RNA Extraction and qRT-PCR
RNA was extracted using the RNAeasy plant kit (Qiagen, United States) according to the manufacturer’s recommendation. Two μg of total RNA was used for cDNA synthesis with random primers using the iScript advanced cDNA synthesis kit (Bio-rad, United States). The list of primers used for qRT-PCR are described in Supplementary Table 1. QRT-PCR was performed using iTAQ Universal SYBR Green Supermix (Bio-rad), according to the manufacturer’s recommendation. Fold change relative to WT was calculated using the pcr package in R, using standard curves obtained with serial dilution of cDNA samples (Ahmed and Kim, 2018).
Sporangiophore Assay and Trypan Blue Staining for Hyaloperonospora arabidopsidis Infection
The sporangiophore assay was performed using Hyaloperonospora arabidopsidis isolate Noco2 on 12-day-old seedlings. Trypan staining was performed to visualize hyphal growth and cell death on samples collected at 7 dpi (days post-inoculation).

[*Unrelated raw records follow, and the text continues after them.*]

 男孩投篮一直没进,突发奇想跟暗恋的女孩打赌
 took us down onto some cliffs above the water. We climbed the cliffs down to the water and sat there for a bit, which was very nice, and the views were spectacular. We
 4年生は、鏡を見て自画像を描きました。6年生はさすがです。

Both the sporangiophore assay and trypan staining were performed as described in Mcdowell et al. (2011).
Analysis of Amino Acid Levels
Amino acid extractions and analyses in wild type and 35S:UMAMIT14-4 leaves were performed in wild type and 35S:UMAMIT14-4 leaves using Waters ultra-performance liquid chromatography coupled to fluorescent detection (UPLC-FLD) as described (Besnard et al., 2016; Schneider et al., 2016). Briefly, leaves of 5-week-old Arabidopsis plants were extracted after lyophilization and pulverization using biphasic extractions. Norvaline (0.5 μM final concentration) was used as an internal standard. Aqueous phase was derivatized using Waters AccQ∙Tag TM Ultra Amino Acid kit and injected on a Waters H-class Acquity UPLC-FLD equipped with a 10 cm Waters AccQ∙TagTM Ultra C18 column (1.7 μm, 2.1 mm × 100 mm; Waters, Milford, MA). Waters 10.2 min free amino cell culture chromatographic method was used to separate different amino acids (Waters). Data analysis was performed as described (Collakova et al., 2013).

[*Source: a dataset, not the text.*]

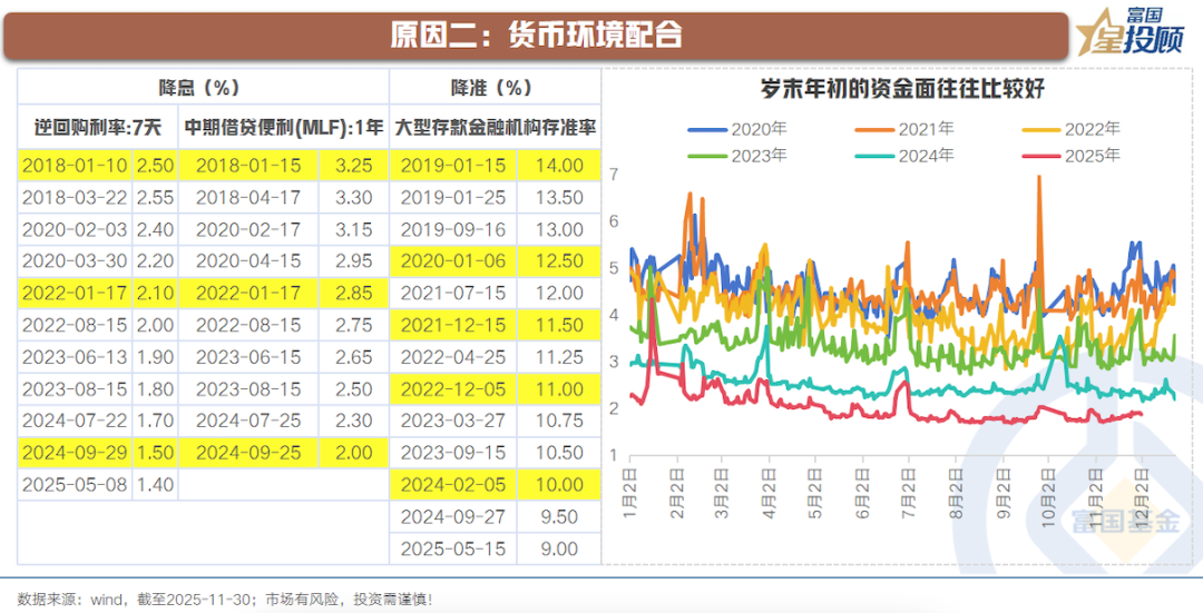 岁末年初之际,资金面环境往往更趋友好。梳理央行货币政策的时间特征,会发现:降准、降息这些宽松政策的操作时点往往集中于岁末年初。从背后原因来看,主要在于3点:

Quantification of Plant Hormones
SA, indole-3-acetic acid (IAA) and abscisic acid (ABA) were extracted and quantified using LC-MS/MS-based multiple reaction monitoring and isotope dilution based on the method of Liu and Finlayson, 2019). SA was quantified in negative ion mode monitoring the transitions 137.0–93.10 (endogenous) and 141.0–97.10 (labeled standard) with a cone voltage of 29 V and a collision energy of 16 eV.
Statistical Analyses
One-way ANOVA followed by Tukey’s test, or two- tailed t-tests were used to determine significant differences (p < 0.05) between samples in Prism (Graphpad, United States).
Results
Expression of UMAMIT Amino Acid Exporters Induces a Stunted Phenotype in Arabidopsis
Previous studies have shown that gdu1-1D plants, in which amino acid export activity is enhanced, show pleiotropic stress phenotypes including smaller plant sizes and increased stress marker expression (Pilot et al., 2004; Liu et al., 2010; Pratelli et al., 2012; Besnard et al., 2016). In order to investigate a direct relationship between amino acid export and a stress phenotype, we sought to over-express an amino acid exporter. UMAMIT14, which functions as an exporter for charged (His, Glu, Asp), polar (Gln, Asn, Ser, Thr) and non-polar (Ala, Val, Ile, Leu, Phe) amino acids when expressed in yeasts, was chosen for the study (Müller et al., 2006; Besnard et al., 2016). Transgenic Arabidopsis lines that over-express UMAMIT14-cmyc under the control of the 35S promoter were constructed.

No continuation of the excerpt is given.